** Source data follows **

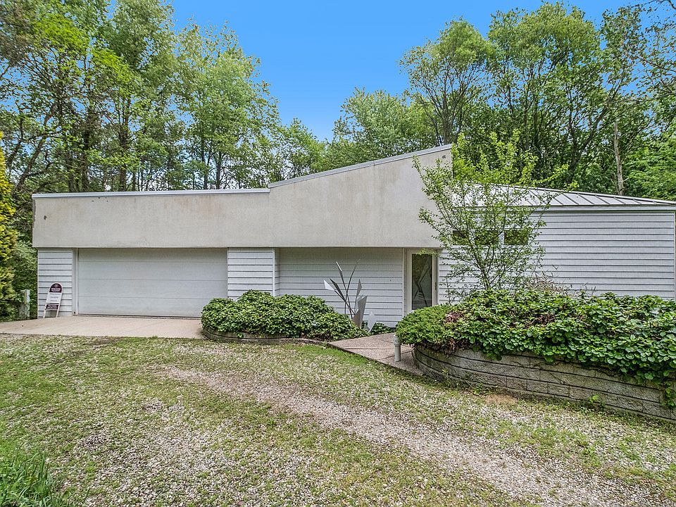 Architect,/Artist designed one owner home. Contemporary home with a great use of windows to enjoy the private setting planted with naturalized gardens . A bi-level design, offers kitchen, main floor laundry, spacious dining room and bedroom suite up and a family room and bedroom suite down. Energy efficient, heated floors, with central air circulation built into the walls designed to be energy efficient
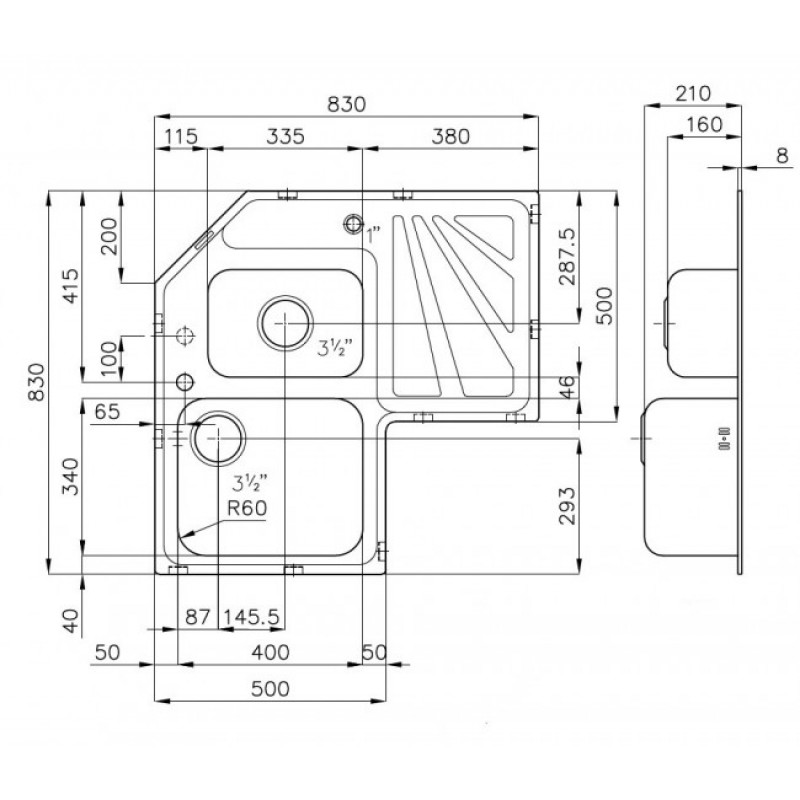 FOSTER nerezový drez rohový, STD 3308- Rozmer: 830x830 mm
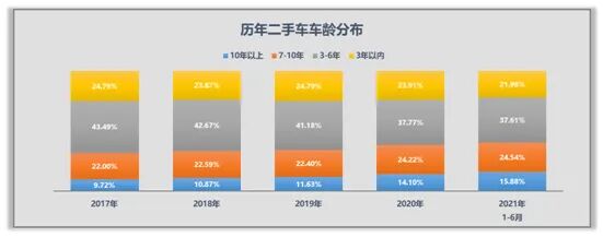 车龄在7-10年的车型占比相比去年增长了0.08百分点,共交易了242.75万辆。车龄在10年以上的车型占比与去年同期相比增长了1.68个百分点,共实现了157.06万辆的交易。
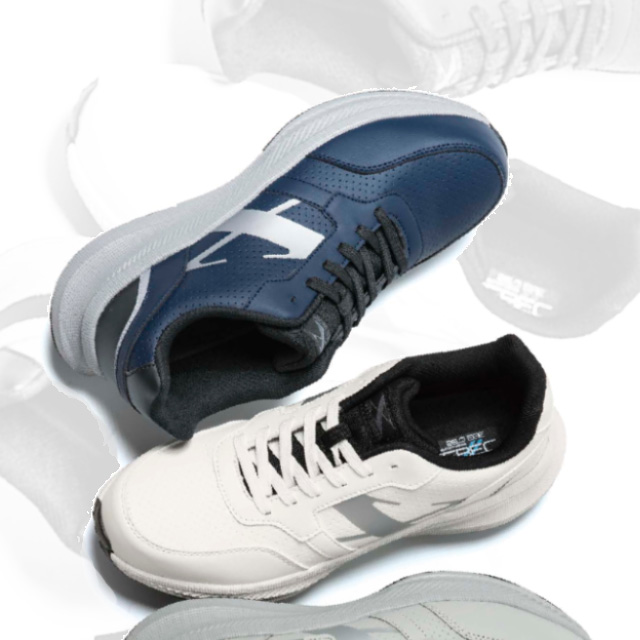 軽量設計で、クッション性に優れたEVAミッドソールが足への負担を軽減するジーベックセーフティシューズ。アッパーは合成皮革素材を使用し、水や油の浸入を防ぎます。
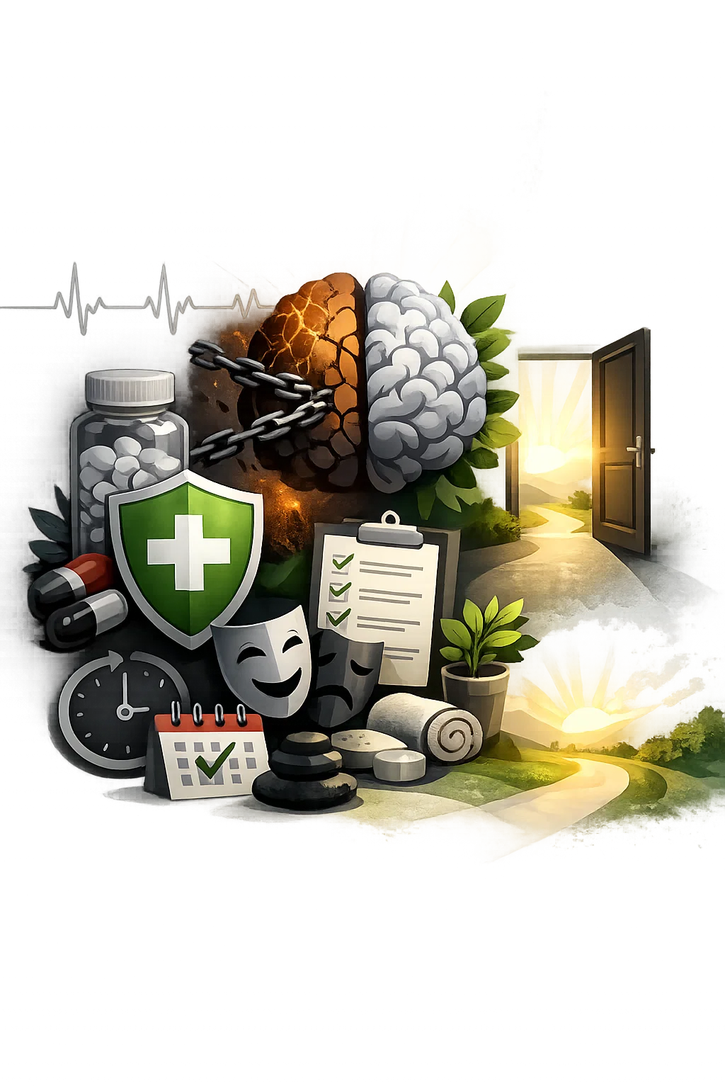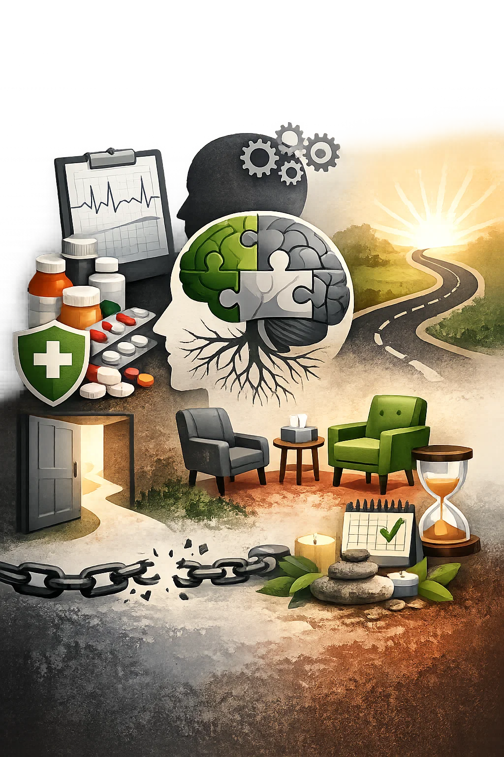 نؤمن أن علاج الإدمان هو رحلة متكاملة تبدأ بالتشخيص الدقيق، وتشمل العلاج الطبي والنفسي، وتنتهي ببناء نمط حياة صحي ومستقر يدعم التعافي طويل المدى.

** End of Source data **

Leaving the images out, retype all the material above exactly.

- Exercise response
 Architect,/Artist designed one owner home. Contemporary home with a great use of windows to enjoy the private setting planted with naturalized gardens . A bi-level design, offers kitchen, main floor laundry, spacious dining room and bedroom suite up and a family room and bedroom suite down. Energy efficient, heated floors, with central air circulation built into the walls designed to be energy efficient
 FOSTER nerezový drez rohový, STD 3308- Rozmer: 830x830 mm
 车龄在7-10年的车型占比相比去年增长了0.08百分点,共交易了242.75万辆。车龄在10年以上的车型占比与去年同期相比增长了1.68个百分点,共实现了157.06万辆的交易。
 軽量設計で、クッション性に優れたEVAミッドソールが足への負担を軽減するジーベックセーフティシューズ。アッパーは合成皮革素材を使用し、水や油の浸入を防ぎます。
 نؤمن أن علاج الإدمان هو رحلة متكاملة تبدأ بالتشخيص الدقيق، وتشمل العلاج الطبي والنفسي، وتنتهي ببناء نمط حياة صحي ومستقر يدعم التعافي طويل المدى.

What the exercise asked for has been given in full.